Barbara Spencer’s Christmas cheer rhododendron.
GARDENING ANY splash of colour in our dour rain and gale-lashed gardens is welcome as the Great Flood continues.
But, while we might have preferred the cold, crisp winters of old, there have at least been some benefits.
The secretary of the residents’ association, of which I am a member, delivered a leaflet to me the other day and met a wasp buzzing about the mailbox and then a bumblebee going about its business, which is crazy for early February.
That is certainly not a benefit to the winged creatures, or, in the case of the wasp, to anything at all, really.
But Barbara Spencer did tell me of one positive of the ludicrously mild conditions —her rhododendron Christmas cheer almost lived up to its name.
Despite its name, Christmas cheer more commonly blooms in February or March and can only be successfully encouraged to blossom for Christmas by it being kept somewhere warm.
That proved to be Barbara’s garden and Christmas cheer started to bud two days before Christmas and has been merrily blooming ever since.
"With all the rotten weather, it gladdens the heart," said Barbara.
Christmas cheer is known for its pale pink blooms and compact, well-behaved form.
Ideally suited to a small garden or a large container, Christmas cheer will reach a height of about 4ft and have a similar spread.
More commonly, camellias, and not rhododendrons, are grown for colour to brighten winter days.
Camellia japonica, or the Japanese rose, has the bonus of beautiful glossy green foliage but, unfortunately, its flowers are short-lived and need constant attention so as not to detract from the beauty of the whole.
Shady conditions are ideal and I well remember an early encounter with a blood-red camellia japonica in my old early teenage stomping ground of Bishop Lovett woods in Ryde when there was still a network of paths within it.
There, like the Victorian plant hunter who probably brought the species to the Island, where it decorated a then magical and man-made collection of gorges and a lake, I came across camellias blooming despite the fact scant light fought its way through the canopy.

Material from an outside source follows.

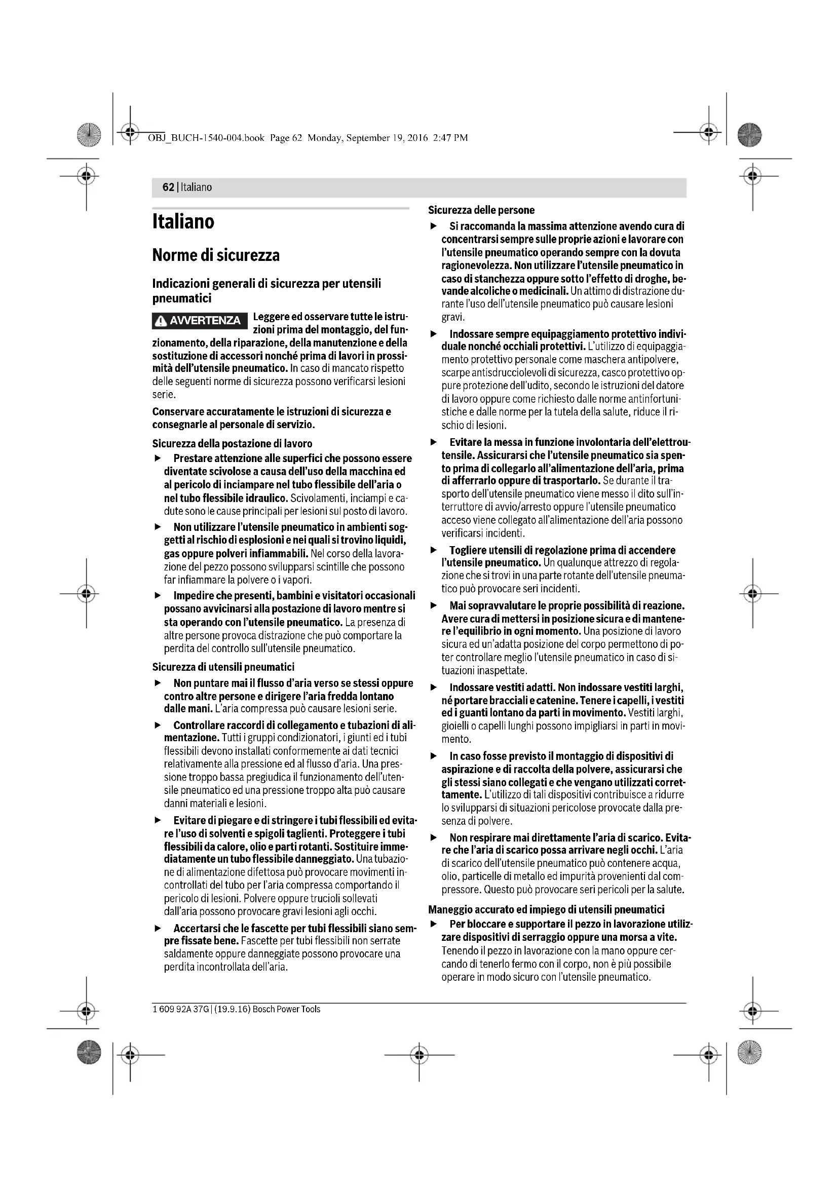 Rotazioni o movimenti al minuto Numero di giri a vuoto bar psi bar pounds per square inch Pressione dell’aria l/s cfm Litri al secondo cubic feet/minute Consumo d’aria OBJ_BUCH-1540-004.book Page 64 Monday, September 19, 2016 2:47 PMItaliano | 65 Bosch Power Tools 1 609 92A 37G | (19.9.16) Descrizione del prodotto e caratteri- stiche Leggere tutte le avvertenze di pericolo e le istruzioni operative. In caso di mancato ri- spetto delle avvertenze di pericolo e delle istru- zioni operative si potrà creare il pericolo di scosse elettriche, incendi e/o incidenti gravi. Alzare il lato apribile con l’illustrazione dell’utensile pneumati- co e lasciare aperto questo lato durante la lettura delle istru- zioni d’uso. Uso conforme alle norme L’utensile pneumatico è idoneo per forare nel legno, nel me- tallo, nella ceramica e nella plastica. Componenti illustrati La numerazione dei componenti rappresentati si riferisce alle illustrazioni riportate sulle pagina con la rappresentazione grafica. Le illustrazioni sono riportate in parte in modo sche- matico e possono essere differenti dal Vostro utensile pneu- matico. 1 Alberino filettato 2 Campo di serraggio(ad es. per un’impugnatura suplementare) 3 Interruttore di avvio/arresto (leva) 4 Staffa di sospensione 5 Raccordo per tubo 6 Superficie per chiave sull’alberino filettato 7 Interruttore di avvio/arresto 8 Uscita aria con silenziatore 9 Impugnatura supplementare* 10 Intagli di fissaggio per staffa di sospensione 11 Fascetta per tubi flessibili 12 Tubo flessibile aria di scarico 13 Vite di fissaggio per coperchio della carcassa 14 Coperchio della carcassa 15 Scarico dell’aria con dado esagonale 16 Anello di tenuta 17 Set aria di scarico (decentrale) 18 Raccordo di collegamento sul set aria di scarico 19 Silenziatore sul set aria di scarico 20 Raccordo alla bocca di entrata dell’aria 21 Tubo dell’aria di alimentazione 22 Tubo flessibile aria di scarico centrale 23 Mandrino a cremagliera 24 Mandrino autoserrante 25 Chiave di serraggio per mandrini 26 Mandrino portautensile 27 Boccola posteriore 28 Boccola anteriore 29 Commutatore del senso di rotazione *L’accessorio illustrato oppure descritto non è compreso nel volu- me di fornitura standard. L’accessorio completo è contenuto nel nostro programma accessori. Dichiarazione di conformità Dichiariamo sotto la nostra piena responsabilità che il prodot- to descritto nella sezione «Dati tecnici» è conforme a tutte le disposizioni pertinenti della Direttiva 2006/42/CE e alle rela- tive modifiche, nonché alle seguenti Normative: EN ISO 11148-3. Fascicolo tecnico (2006/42/CE) presso: Robert Bosch Power Tools GmbH, PT/ETM9, 70538 Stuttgart, GERMANY Robert Bosch Power Tools GmbH70538 Stuttgart, GERMANYStuttgart, 01.01.2017 Dati tecnici dB Decibel Unità di misura del volume acustico relativo QC Mandrino a cambio rapido Mandrino portautensile Simbolo per esagono cavo

It is finding a spot where a little bright sunlight can seek out the shrub which is key to it looking its best — and endeavour too to find a sheltered spot away from cold winds or frost — they do appreciate covering with a horticultural fleece in the worst extremes of weather.
They are especially useful for placing against a permanently shaded wall where most other shrubs would struggle.
If you can, use rainwater — completing the replication of the conditions camellias might experience in their native land. There are many varieties, which spread blooming right through winter.
Camellia japonica Lady Campbell has large, prolific, bright red flowers from February to May.
Camellia Ashton’s Ballethas has fragrant, double-flowered pink blooms from October to December and camellia sugar has delicate pink blooms from November to January.
Guilio Nuccio will reach a height of 14ft and has a spread of half that. It has red petals with a mass of yellow stamens at its centre.
It also comes in variegated form, if you like that.
Among the doubles are the beautiful red coquettii and pink perfection, which has beautiful form.
All the camellias are slow-growing (about 15ins to 20ins per year) and are easy to care for, given the right acid soil.
You should only lightly prune after flowering and, in the spring, gradually increase watering as temperatures rise and day length increases. Keep soil moist in summer and give them the occasional feed.
There are about 80 species of camellias, all from the Far East.
The seeds of camellia oleifera are processed to make expensive oil, which is used in the Far East for cooking as well as being consumed for its cosmetic benefits.
It is said to contain anti-oxidants that help protect the body’s cells from the processes of ageing, strengthens the immune system and keeps skin and hair healthy.
The tea plant is in the same family and there are now several companies selling potted camellia sinensis, which makes a slightly different present.
Sinensis, the small-leaf tea variety, is most suited to growing here because it thrives in the cool, high mountains of China and Japan, unlike the broadleaf variety, camellia assamica, which grows best in the moist, tropical climates found in Northeast India and the Szechuan and Yunnan provinces of China and needs specialised conditions to flourish in this country.
Novelty tea bushes in this country will produce small amounts of green tea — the leaves used fresh — or dried to produce that suited to most English palates.